Automatic Building Extraction from Google Earth Images under Complex Backgrounds Based on Deep Instance Segmentation Network

Sensors (Basel). 2019 Jan 15;19(2):333. doi: 10.3390/s19020333.

Abstract

Building damage accounts for a high percentage of post-natural disaster assessment. Extracting buildings from optical remote sensing images is of great significance for natural disaster reduction and assessment. Traditional methods mainly are semi-automatic methods which require human-computer interaction or rely on purely human interpretation.

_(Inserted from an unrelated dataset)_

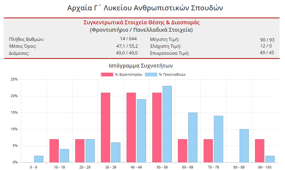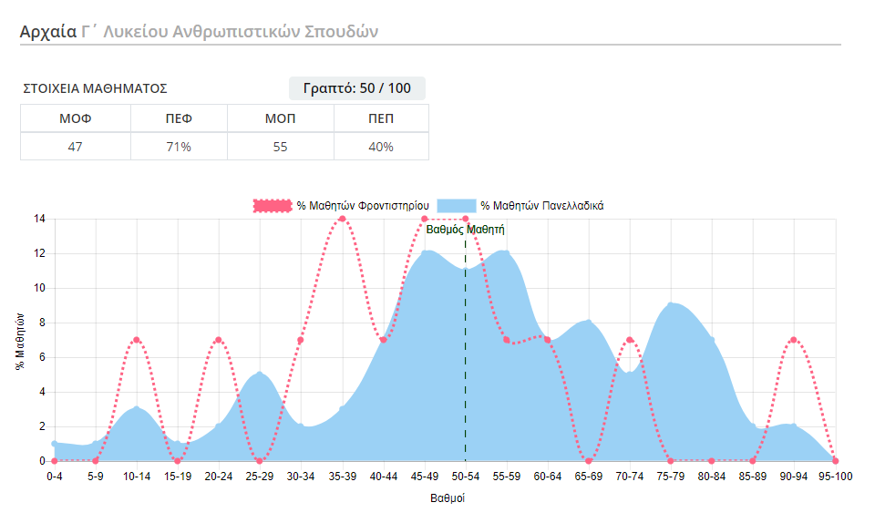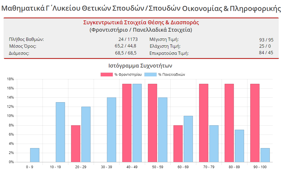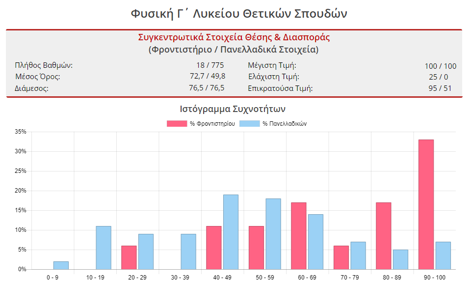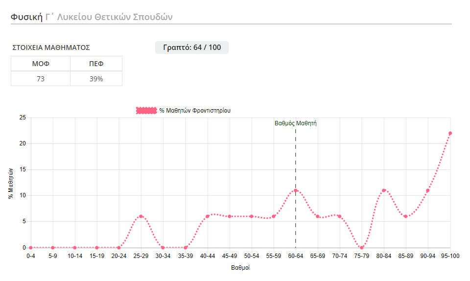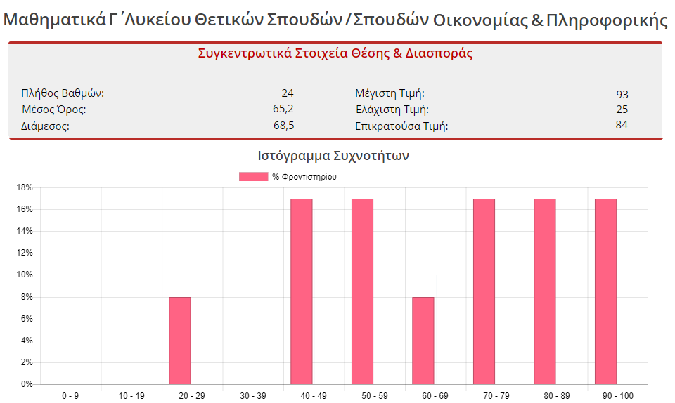 Το κάθε φροντιστήριο λαμβάνει τα στατιστικά των μαθητών του και τα πανελλαδικά στατιστικά, σε όσα μαθήματα έχει καταχωρίσει το βαθμό ενός τουλάχιστον μαθητή.

In this paper, inspired by the recently developed deep learning techniques, we propose an improved Mask Region Convolutional Neural Network (Mask R-CNN) method that can detect the rotated bounding boxes of buildings and segment them from very complex backgrounds, simultaneously. The proposed method has two major improvements, making it very suitable to perform building extraction task. Firstly, instead of predicting horizontal rectangle bounding boxes of objects like many other detectors do, we intend to obtain the minimum enclosing rectangles of buildings by adding a new term: the principal directions of the rectangles θ. Secondly, a new layer by integrating advantages of both atrous convolution and inception block is designed and inserted into the segmentation branch of the Mask R-CNN to make the branch to learn more representative features. We test the proposed method on a newly collected large Google Earth remote sensing dataset with diverse buildings and very complex backgrounds. Experiments demonstrate that it can obtain promising results.

Keywords: Mask R-CNN; building extraction; deep learning; instance segmentation; receptive field block; rotation bounding box.